Sigmoid and hyberbolic tangent (Tanh) functions
Sigmoid and Tanh are typically used for fully connected networks aimed for binary
classification problems. Can be used for the output layers of a CNN
Softmax
Softmax is equivalent to Sigmoid for binary classification but is primarily aimed for
the multi class case where the non-normalized output of a network is mapped onto a
probability distribution over predicted output classes.
Typically used in the output layers of CNN.
Gaussian activation function
Can be used for the output layers of a CNN.
For regression problems, the final layer has typically an identity activation.

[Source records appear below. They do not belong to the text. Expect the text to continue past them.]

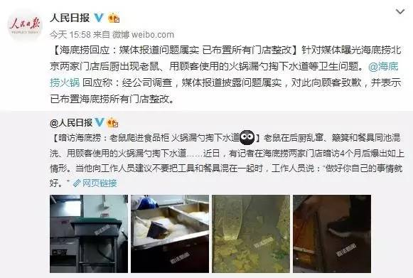 【海底捞回应:媒体报道问题属实 已布置所有门店整改】针对媒体曝光海底捞北京两家门店后厨出现老鼠、用顾客使用的火锅漏勺掏下水道等卫生问题。海底捞火锅 回应称:经公司调查,媒体报道披露问题属实,对此向顾客致歉,并表示已布置海底捞所有门店整改。
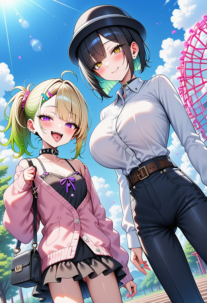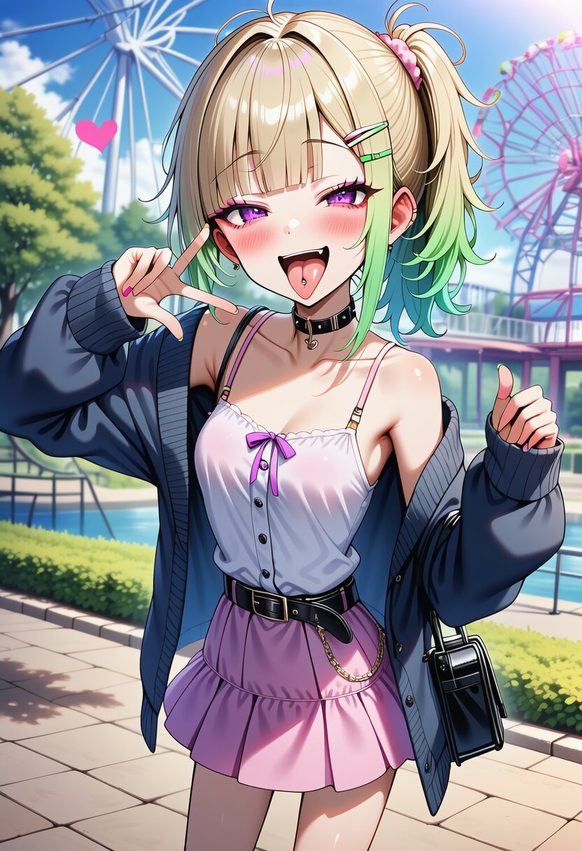 ai-generated, year 2024, anime style, 1girl, solo, kawaii posing, midday, outdoor, in amusement park, dynamic angle, masterpiece, best quality, ultra detailed, perfect fingers, high resolution, absurdres, perfect anotomy, detailed background, unity 8k wallpaper, location, very aesthetic, masterpiece, no text
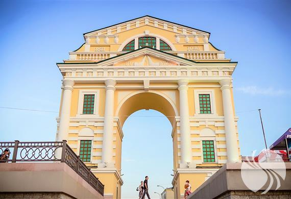 凯旋门是一幢四层楼的建筑高19米,宽近16.5米,最顶层是茶室,是为纪念亚历山大一世登基十周年而建立的。其始建于1811年,在1813年的开幕当天就为当时的民政总督尼古拉·特雷斯金(Nikolai Treskin)和本杰明一世主教安排了招待会。

49. LeNet-5 – A Classic CNN Architecture
In 1990 Yann LeCun, Leon Bottou, Yosuha Bengio and Patrick Haffner proposed a neural network architecture for
handwritten and machine-printed character recognition which they called LeNet-5. The architecture is
straightforward and simple to understand and well suited as an Introduction to CNNs.
The LeNet-5 architecture consists of:
• two sets of convolutional and average pooling (subsampling) layers followed by
• one flattening convolutional layer, then
• two fully-connected layers and finally
• one Softmax classifier.
50. First Layer
The input for LeNet-5 is a 32×32 grayscale
image which passes through the first
convolutional layer with 6 feature maps or
filters having size 5×5 and a stride of one. The
image dimensions changes from 32x32x1 to
28x28x6.
Second Layer
Then the LeNet-5 applies average pooling layer
or sub-sampling layer with a filter size 2×2 and
a stride of two. The resulting image dimensions
will be reduced to 14x14x6.
51. Third Layer
Next, there is a second convolutional layer with 16 feature maps having size
5×5 and a stride of 1. In this layer, only 10 out of 16 feature maps are
connected to 6 feature maps of the previous layer as shown below. The main
reason is to break the symmetry in the network and keeps the number of
connections within reasonable bounds. That’s why the number of training
parameters in this layers are 1516 instead of 2400 and similarly, the number
of connections are 151600 instead of 240000
Fourth Layer
The fourth layer (S4) is again an average pooling layer with filter size 2×2
and a stride of 2. This layer is the same as the second layer (S2) except it has
16 feature maps so the output will be reduced to 5x5x16.
52. Fifth Layer
The fifth layer (C5) is a fully connected convolutional layer with
120 feature maps each of size 1×1. Each of the 120 units in C5 is
connected to all the 400 nodes (5x5x16) in the fourth layer S4.
Sixth Layer
The sixth layer is a fully connected layer (F6) with 84 units.
Output Layer
Finally, there is a fully connected Softmax output layer ŷ with 10
possible values corresponding to the digits from 0 to 9.
Le-Net-5 layers
54. Timeline for CNN
1980 The Neocognitron, introduced by Kunihiko Fukushima.
1987 Time delay neural networks (TDNN), introduced by Alex Waibel.
1989 A system to recognize hand-written ZIP Code numbers using convolutions based on
laboriously hand designed filters, introduced by Yann LeCun.
1989 LeNet-5, a pioneering 7-level convolutional network by Yann LeCun.
2006 The first GPU-implementation of a CNN was described in by K. Chellapilla.
2012 Alexnet, A GPU-based CNN by Alex Krizhevsky
2013 won the ImageNet Large Scale Visual Recognition Challenge.